Hanno quindi dato conferma di quello che lei racconta nel film.
“Nel film in ogni caso è tutto reale, anche i dettagli.”
La cosa preoccupante è che anche le nuove generazioni, i ragazzi si fanno portavoci di queste idee violente, come il ragazzino che nel film realizza video di propaganda. Si tratta di episodi isolati o si sta diffondendo veramente questa tendenza in Francia?
Sono dei casi un po’ isolati ma ce ne sono diversi. La maggioranza dei voti al Front National è dei giovani e poi ce ne sono sempre di più che diventano militanti di movimenti estremisti. Non parlo solo di ragazzi ma anche di ragazze e non parlo solo di operai, di quel tipo di classe sociale, ma anche di ragazzi che frequentano l’università. È veramente trasversale come fenomeno.
C’è una connotazione trasgressiva in questa scelta, e poi si tratta di generazioni post-ideologiche, ragazzi che sono nati dopo gli anni ’80 in periodi in cui la destra e la sinistra democratica erano portavoci più o meno delle stesse idee politiche e questo ha dato uno spazio gigantesco al discorso populista.
Lei ha notato se dopo i diversi attacchi terroristici in Francia persone anche di sinistra, con idee democratiche, hanno sviluppato questo tipo di pensiero estremista per paura, per disperazione?
“No, gli attentati non hanno avuto nessuna influenza. Si sono fatte condizionare di più le persone che hanno subito la crisi o la trasformazione sociale, che hanno perso il lavoro. Gli attentati non hanno giocato in favore dei partiti populisti. Poi ci sono stati dei fattori reali che hanno fatto in modo che questo non accadesse: per prima cosa dopo l’attentato a Charlie Hebdo Jean-Marie Le Pen ha dichiarato Io non sono Charlie io sono Carlo Martello, figura dell’800 che avviò una battaglia contro i musulmani, quindi una figura di estrema destra.
Il secondo elemento è stato che gli attentati del 13 novembre hanno avuto luogo in un quartiere di Parigi frequentato dalla classe borghese che è considerata il nemico dal Front National e allo stesso tempo quello dei jihadisti.”
Questo film può essere uno strumento di sensibilizzazione per le prossime elezioni?

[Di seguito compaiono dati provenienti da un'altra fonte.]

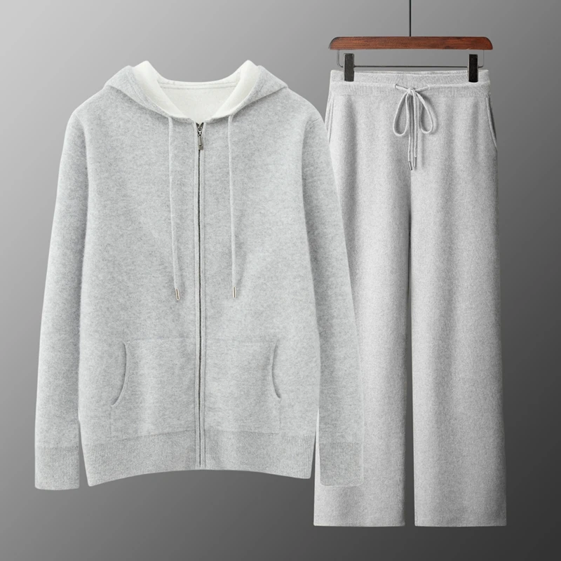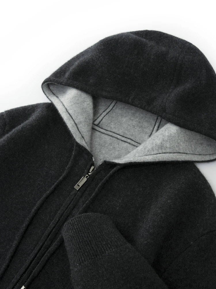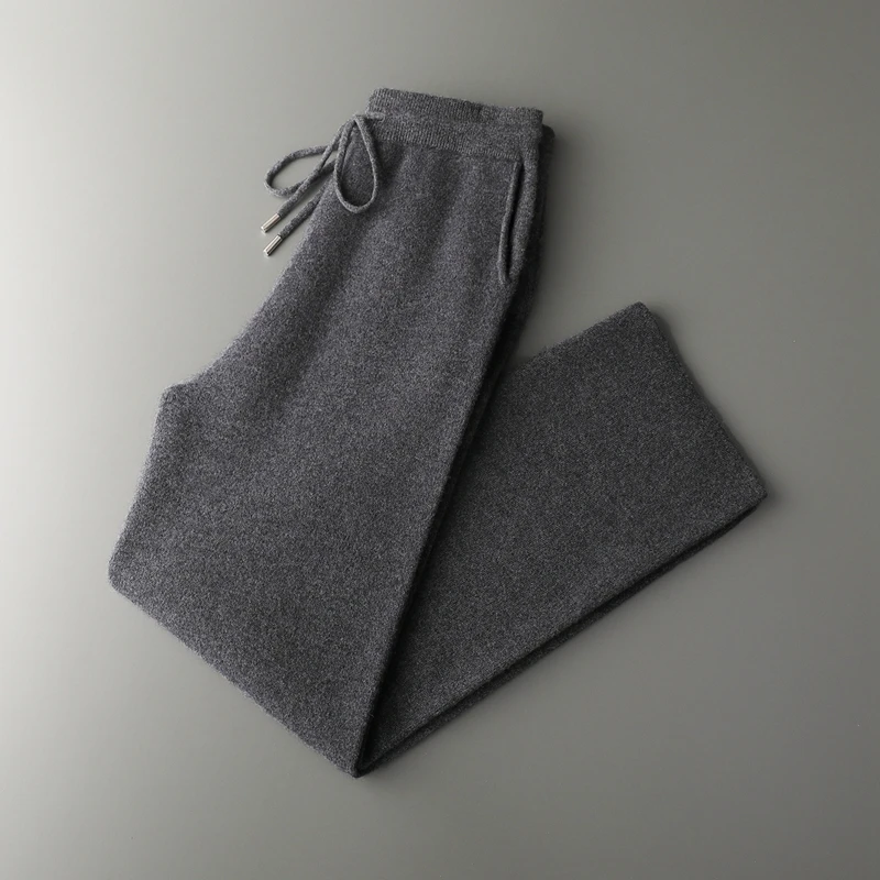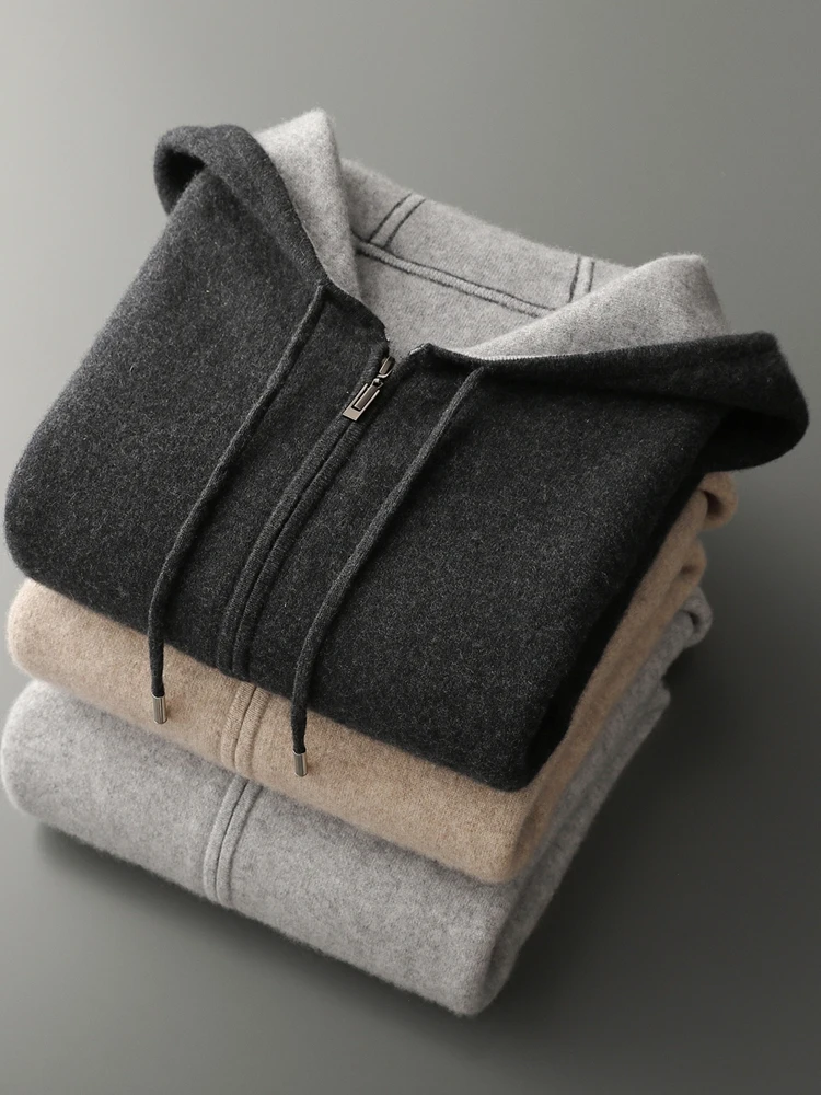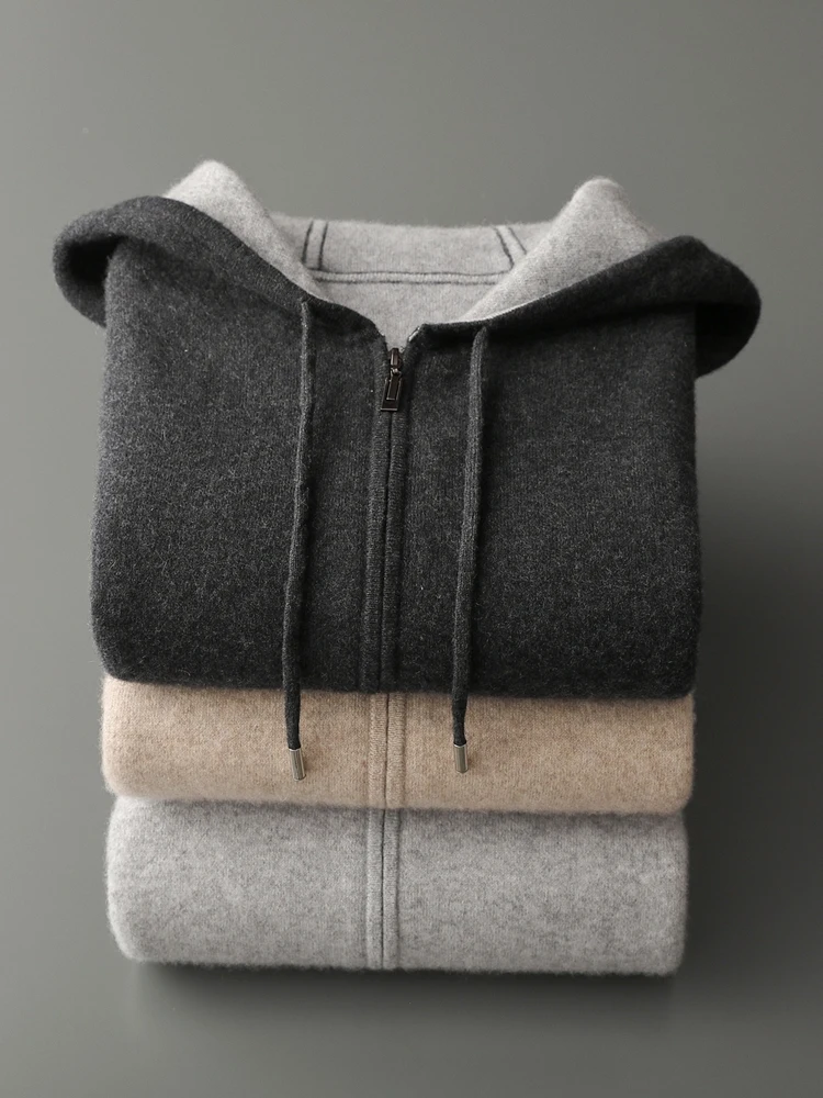 ADDONEE Men's 100% Wool Hoodie Cardigan Straights Leg Pants Set Autumn Winter Thick Cashmere Knitwear Sweater Trousers Suit

“Forse non per queste imminenti perché è un po’ tardi. Non basta questo film, ce ne vorrebbero altri, ogni sfaccettatura della cultura deve contribuire: la letteratura, il teatro, la musica devono lottare per far capire qual è il vero ideale democratico, per contrastare questa estrema destra. Penso che da secoli, da Omero, è la cultura che è riuscita a cambiare il mondo più di quanto non abbia mai fatto la politica.”